In June 1942, on the eve of the first deportations to Treblinka, she was transported with other citizens of the USA and Great Britain to Pawiak. She spent several months there - she used this time to write down the accounts of her fellow prisoners. She also observed the slow extermination of the ghetto from behind bars, incl. the liquidation of the Janusz Korczak Orphanage.

Rutka Laskier, author of "Diary" from the Będzin ghetto.

At the beginning of the following year, she was transferred to an internment camp in Vittel, France. Thanks to the exchange of German prisoners of war interned by the Allies, in 1944 she managed to leave Europe.

She went to New York. There she met the journalist Szmuel Lajb Shneiderman, to whom she showed her journals. They were soon issued as the first eyewitness testimony to the Holocaust. Mary lives in the US to this day, but distanced herself from the discussions that arose after the publication of her journal.

I wanted this to stay after me. "Diary" by Rutka Laskier

Rutka Laskier was the daughter of Jakub and Dwojra Laskra and one of nearly 30,000 Jews who lived in Będzin before the war. Her family was quite wealthy - they owned a mill. Rutka had a younger brother, Henius. She was a beautiful young girl, friends from high school called her a model. She loved to learn - wanted to drown her head in the books .

Before the war, over 20,000 people lived in Będzin. Jews who peacefully coexisted with Poles. After the occupation began, the Germans quickly restored their order in the city. Already on the night of September 8-9, 1939, they burned down the synagogue, and in 1942 created a ghetto.
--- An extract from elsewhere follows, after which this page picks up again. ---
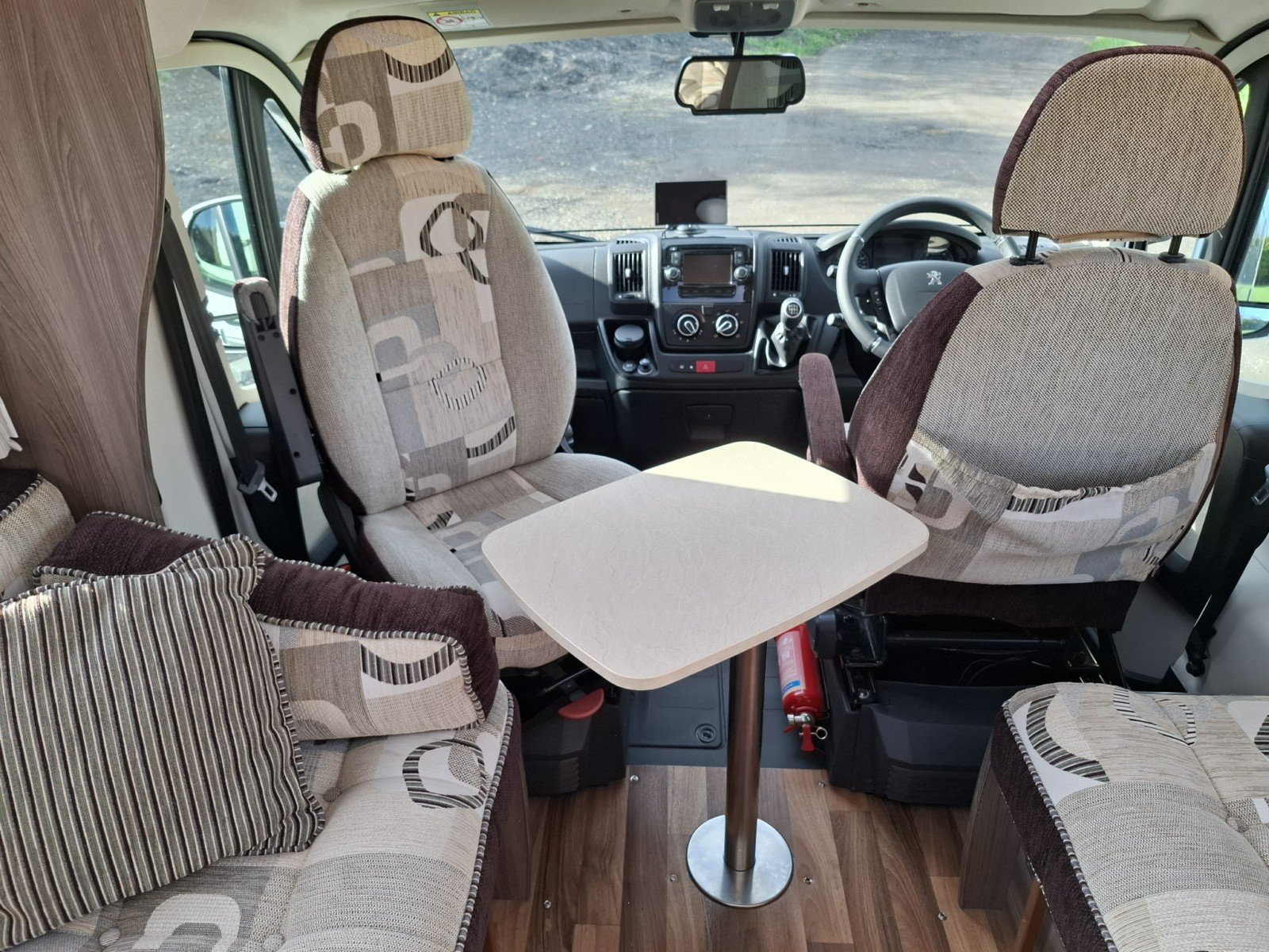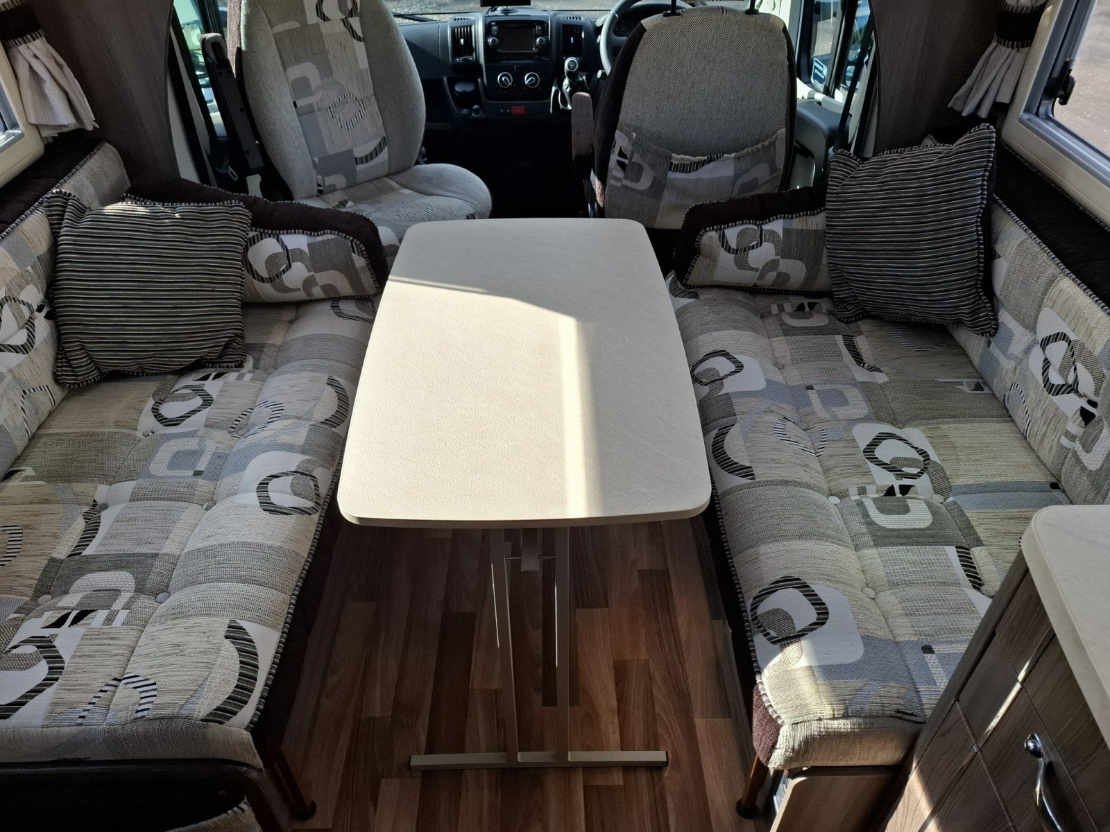 Behind the cab is a spacious leisure and dining area with two opposing side sofas, which that can be enhanced by the use of the swivel passenger cab seat to create a more generous social space. There is a free-standing table, and the lounge area can easily be converted into a transverse double bed when required.

The photo shows the ruins of the synagogue.

In May 1942, a ghetto was established in Będzin, in which the Jewish inhabitants of the so-called Ostoberchlesien. Rutka soon began to keep a diary in an ordinary, green notebook. Already in the first sentences, she outlines the situation in which she found herself: I cannot realize that it is already 43 years, the fourth year of this hell .

The girl's diary is short, but on several dozen pages it contains a moving description of the two worlds in which she was located. The first was her own, full of problems that teenagers grapple with. Youthful love, growing up. Trivial matters in retrospect, but how important when you are thirteen. The second was the ghetto. Awareness of the impending death and the crisis of faith:

That little bit of faith that I once had has shattered completely. G If there was a God, he would not have allowed people to be thrown alive into the furnace and young children had their heads smashed with rifles, or bagged and gassed ... (5 Feb 1943).

A photo from 1942 showing one of the streets of the Będzin ghetto.

In the face of the impending deportation, Rutka asked her friend, a Polish woman, Stasia Sapińska, to keep her diary:"I would like it to stay after me." In August 1943, along with other Będzin Jews, she was sent to Auschwitz. She was only 14 years old. She probably died in the gas chamber, although the account of the camp prisoner, Zofia Minc, has also been preserved, who claimed that Rutka survived the selection and died only later - of cholera.

In 2006, the world heard the message "A diary of a Jewish girl from Będzin has been found!" Nobody could believe that Stanisława Sapińska had kept the testimony of the extermination of Będzin Jews for over 60 years. And yet - the diary was soon published in several languages, and Rutka was hailed as the "Polish Anne Frank".

Bibliography:

  1. Justyna Kowalska-Leder, The Holocaust Experience from the Child's Perspective in Polish Personal Document Literature , Wrocław 2009.
  2. Mary Berg, Diary from the Warsaw Ghetto , Warsaw 1983.
  3. Renia Knoll, Journal , Warsaw 2012.
  4. Rutka Laskier, Diary , Bedzin 2008.